### [What you are asked to do]
What is needed is an exact copy of the data below, pictures excluded.

### [Material provided]
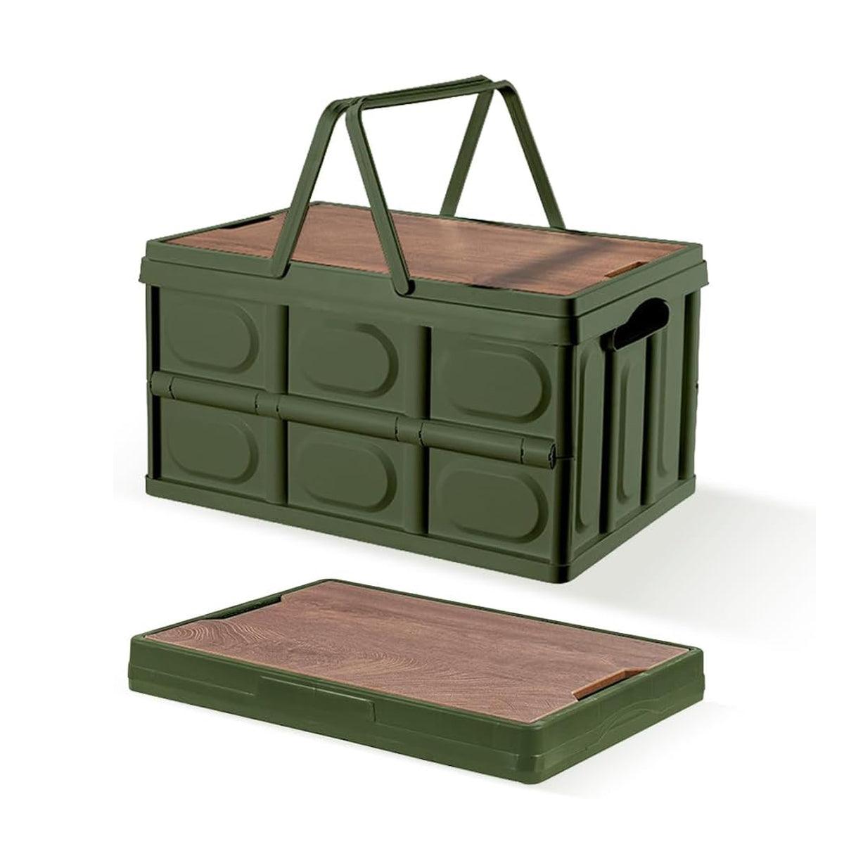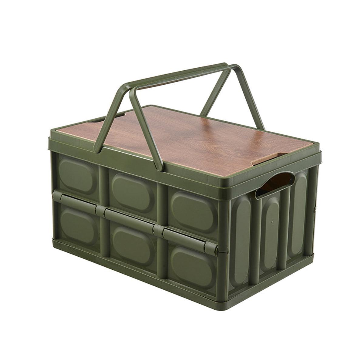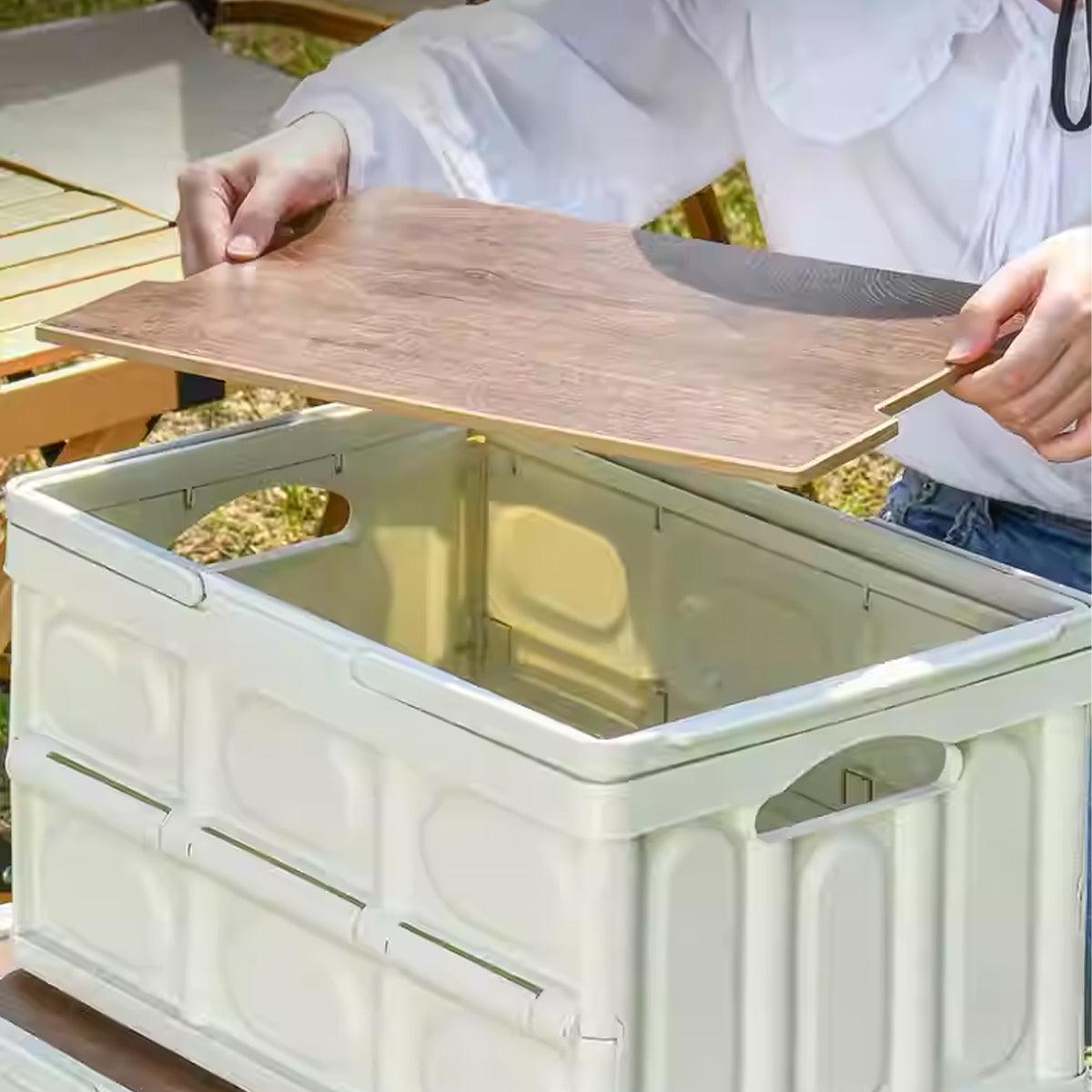 Camping Folding Car Trunk Storage Box Wooden Lid Outdoor Fishing Organizer Box
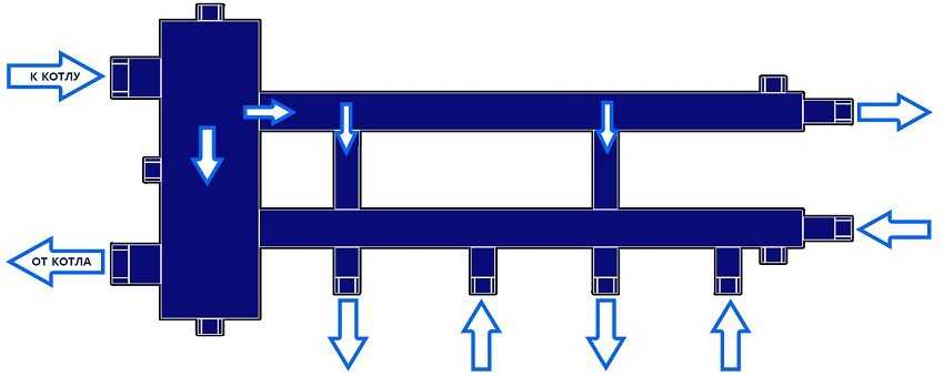 Самое важное – благодаря такому распределению в доме не останется холодных контуров, так как теплоноситель будет поступать в каждую трубу, а не только туда, куда проще. Принцип работы гидрострелки
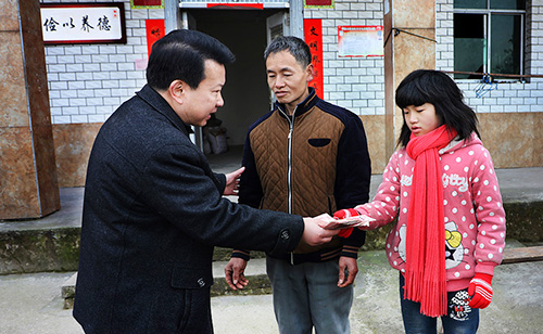 1月11日,华蓥市政协与四川华晶电子有限公司爱心人士,冒着严寒深入禄市镇大坡老村结对建卡贫困户邹云丰家中,为他们家送去助学帮扶资金5000元,践行“百企帮百村”活动。
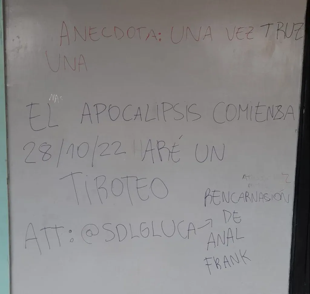 Un salón de un grupo de 3° año amaneció este martes con una amenaza de tiroteo en una pizarra: "El apocalipsis comienza 28/10/22: haré un tiroteo".

### [Reply to the exercise]
 Camping Folding Car Trunk Storage Box Wooden Lid Outdoor Fishing Organizer Box
 Самое важное – благодаря такому распределению в доме не останется холодных контуров, так как теплоноситель будет поступать в каждую трубу, а не только туда, куда проще. Принцип работы гидрострелки
 1月11日,华蓥市政协与四川华晶电子有限公司爱心人士,冒着严寒深入禄市镇大坡老村结对建卡贫困户邹云丰家中,为他们家送去助学帮扶资金5000元,践行“百企帮百村”活动。
 Un salón de un grupo de 3° año amaneció este martes con una amenaza de tiroteo en una pizarra: "El apocalipsis comienza 28/10/22: haré un tiroteo".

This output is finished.